Learn to build and use multi-node Hadoop clusters running in Amazon EC2. A few bits of knowledge are assumed in this article, first a basic knowledge of Hadoop. If you haven't used hadoop before you probably want to read Intro To Hadoop Article first.
Also the article uses EC2 so reading EC2 Article. The article focuses on OpenSolaris, but the concepts are similar. This tutorial can be followed on a series of local linux boxes as well. The EC2 instance being used is ami-fa6a8e93 hadoop-images/hadoop-0.19.0-i386.manifest.xml.
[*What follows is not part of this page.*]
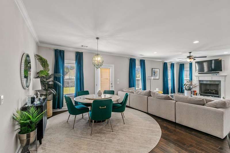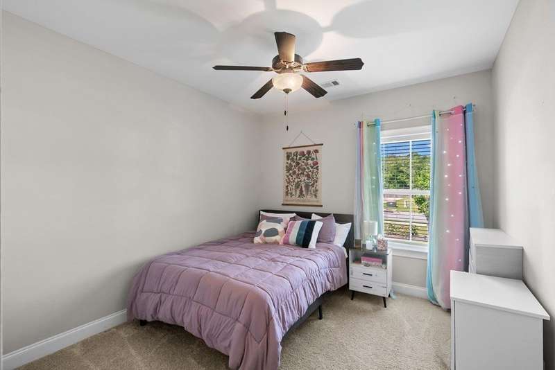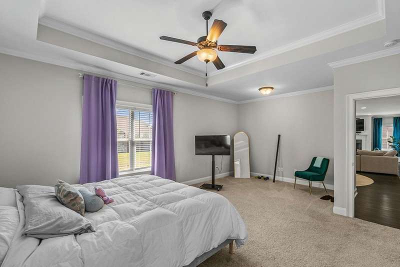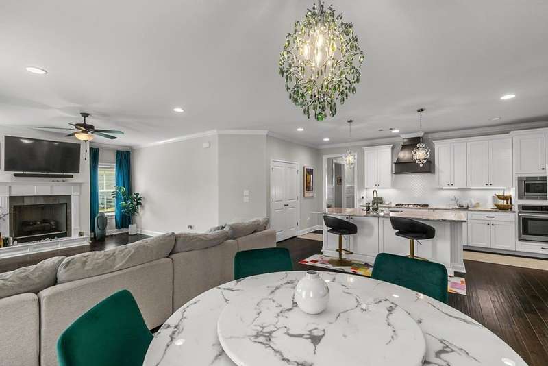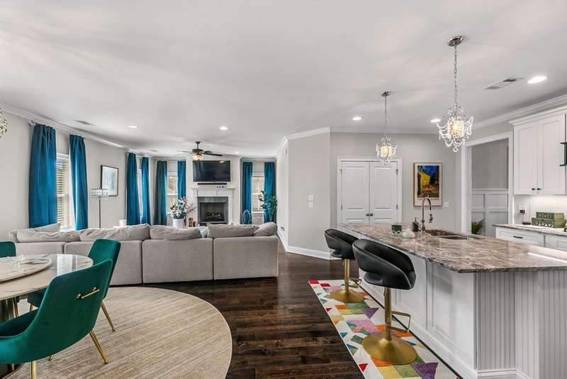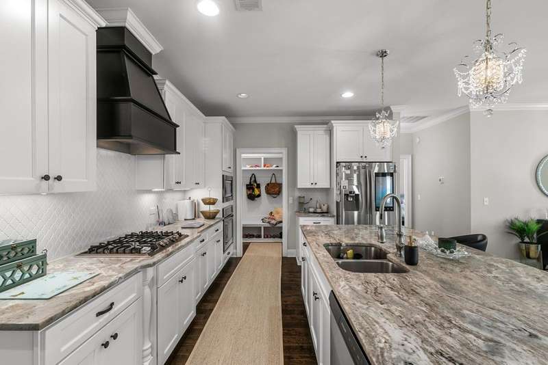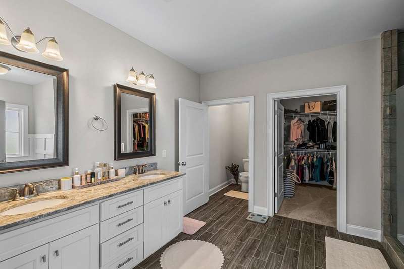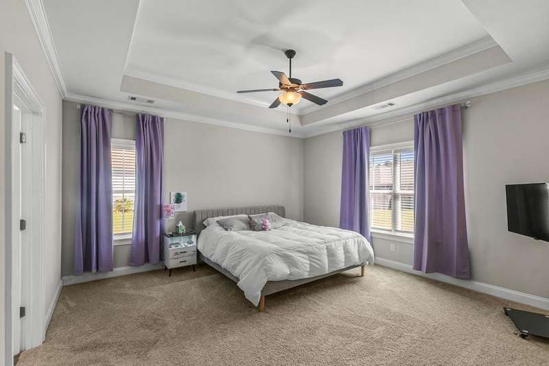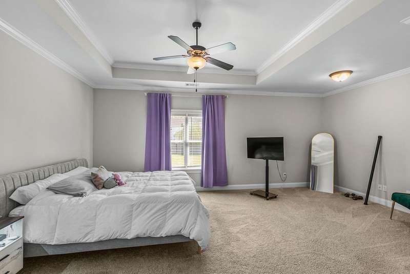 Beautiful home in a desirable Subdivision. This stunning 5 bedroom, 3.5 bath home offers 3,041 sq.ft. of living space & was built in 2019. As you enter, you're welcomed by a spacious foyer with elegant board & batten wall accents, setting the tone for the style throughout. The formal dining room also features custom board & batten walls adding timeless charm. The home showcases a gorgeous open floor plan with granite countertops, a large island, & a cozy breakfast area. The kitchen is a chef's dream complete with a gas cooktop, stylish vent hood, self-cleaning oven, built-in microwave, dishwasher, garbage disposal, & a tankless gas water heater. The family room boasts a gas fireplace while coffered ceilings in the dining room create a perfect space for entertaining. The split bedroom design provides privacy & comfort. The master suite is generously sized with a spa-like bath featuring double vanities, a soaking tub, a large tiled shower, a private water closet, & a huge walk-in closet. Upstairs, the 5th bedroom offers a large private retreat with its own closet & full bath, ideal for guests, teens, or an in-law suite. A spacious laundry room with a mudroom area & convenient half bath adds functionality. This home sits on .43 of an acre & features a large privacy-fenced backyard with a covered patio, perfect for outdoor entertaining or adding an in-ground pool. This home is all brick with stone accents, low-E Argon gas windows, 2 car side entrance garage and a termite bond.

See the installing Hadoop article for installation instructions if you're working in a standalone environment. Note this example uses an older version of Hadoop that uses different names for certain configuration files. Make sure that Hadoop is installed in the same directory on all nodes. Larger environments might want to look at storing Hadoop on NFS. If using EC2 launch the first instance of ami-fa6a8e93. In the tutorial this instance has the IP address of 10.251.90.244. This instance will serve as the NameNode server and first slave.
Also if you wish to look at secondary NameNode failover create and assign an elastic IP address to this instance. This process requires reassigning the IP address and that must be done with a public elastic IP. Also whenever the internal master IP address is displayed replace it with the elastic IP address.
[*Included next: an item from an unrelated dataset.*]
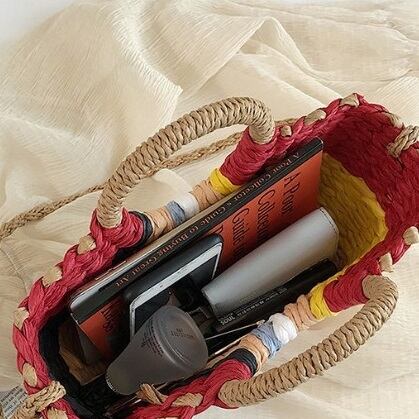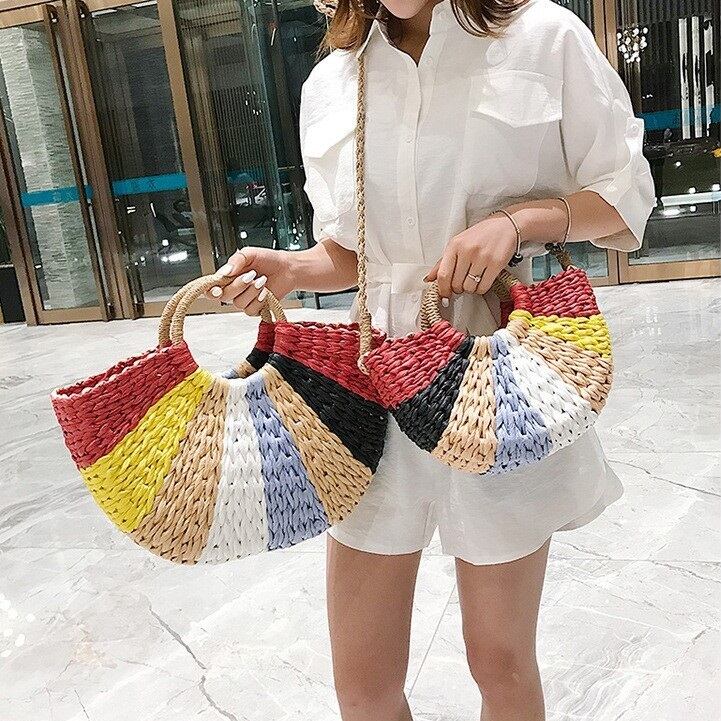 マルチカラーのセミサークルがポップなストロー素材のトートバッグです。ヴィヴィッドなマルチカラーで、夏のコーデをポップに彩ります。マチも幅もあり、すっきりと荷物を収納できます。幅広いスタイルのアクセントになる、おすすめのかごバッグです。
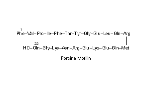Literature References: A gastrointestinal peptide hormone whose existence was postulated during experimental chemical stimulation of canine duodenum: J. C. Brown et al., Gastroenterology 50, 333 (1966). Motilin stimulates gastric antrum, duodenum, and colon; it has been reported to be about 50 times more powerful than acetylcholine in its effects on sensitive tissue: U. Strunz et al., ibid. 68, 1485 (1975). In man it is found primarily in the upper small intestine. Although its effects are not known completely, it plays a role in increasing gastric motility and stimulating pepsin output and may also be important in regulating the interdigestive myoelectric complex. Porcine motilin, which contains 22 amino acids, has been isolated from mucosa of hog small intestine: J. C. Brown et al., Can. J. Physiol. Pharmacol. 49, 399 (1971). Purification, amino acid composition, C-terminal residue: eidem, Gastroenterology 62, 401 (1972). Amino acid sequence: eidem, Can. J. Biochem. 51, 533 (1973); revised sequence: H. Schubert, J. C. Brown, ibid. 52, 7 (1974). First synthetic work: E. Wünsch et al., Z. Naturforsch. 28C, 235 (1973). Synthesis of the complete docosapeptide corresponding to porcine motilin: H. Yajima et al., Chem. Commun. 1975, 159. Alternate syntheses: Y. Kai et al., Chem. Pharm. Bull. 23, 2346 (1975); S. Yamada et al., J. Am. Chem. Soc. 97, 7174 (1975); E. Izeboud, H. C. Beyerman, Rec. Trav. Chim. 99, 124 (1980). Solid phase synthesis: N. Ikota et al., Chem. Pharm. Bull. 28, 3347 (1980); D. H. Coy et al., Peptides 3, 137 (1982). Radioimmunoassay: J. R. Dryburgh, J. C. Brown, Gastroenterology 68, 1169 (1975). Identification of motilin endocrine cells: J. M. Polak et al., Gut 16, 225 (1975). Rodent and canine motilin differ from porcine; human motilin has not yet been purified, although its immunologic properties suggest strong similarity to porcine motilin. The presence of a larger motilin has also been detected immunologically, see J. M. Polak, A. M. J. Buchan, Gastroenterology 76, 1065 (1979). Reviews: N. D. Christofides et al., "Physiology of Motilin" in Gut Hormones, S. R. Bloom, Ed. (Churchill Livingstone, Edinburgh, 1978) pp 343-350; S. R. Bloom, J. M. Polak, Clin. Endocrinol. Metab. 8, 401-411 (1979); V. Mutt, Vitam. Horm. 39, 231-426 (1982). |

First create the hadoop user and group.
# groupadd hadoop # useradd -g hadoop
Next setup key based password-less ssh.
# su - hadoop $ ssh-keygen -t dsa -P '' -f ~/.ssh/id_dsa $ cat ~/.ssh/id_dsa.pub >> ~/.ssh/authorized_keys $ chmod 600 ~/.ssh/*
For more information about ssh keys see SSH article. Now take a second to chown the hadoop configuration files over to the hadoop user. This is being done just to make copying the config files around easier after rebundling the instance.
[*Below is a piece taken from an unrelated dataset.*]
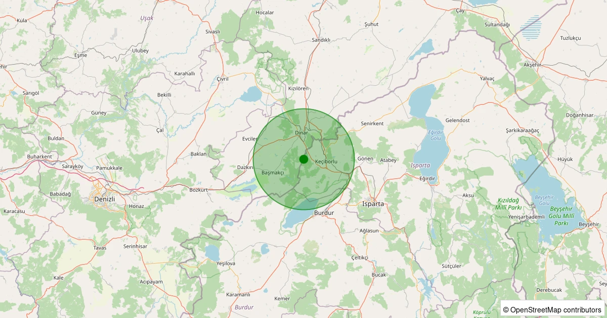 Son 7 gün içinde Keçiborlu - Kaplanlı Köyü noktasından 100 km yarıçap içerisinde meydana gelen diğer depremler:

# chown -R hadoop:hadoop /usr/local/hadoop-0.19.0/conf
At this point rebundle the configured instance. If you aren't using EC2 skip this step. This will allow us to spin up multiple slaves already configured with our user setup.
Running EC2 Instance:
# rm -f /root/.*hist* /home/hadoop/.*hist* # rm -f /var/log/*.gz # mkdir /mnt/keys # mv /root/.ssh/authorized_keys /mnt
$ scp /path/to/cert email@example.com:/mnt/keys $ scp /path/to/key firstname.lastname@example.org:/mnt/keys
Cleanup the running instance. Then upload your private Amazon AWS certificate/key to the running instance. The directory /mnt/keys will hold the private data. When rebundling the image /mnt will be excluded from the bundle. You should never create an ami with these keys stored or your private login key stored. After rebundling the image roots authorized_keys file will be copied back.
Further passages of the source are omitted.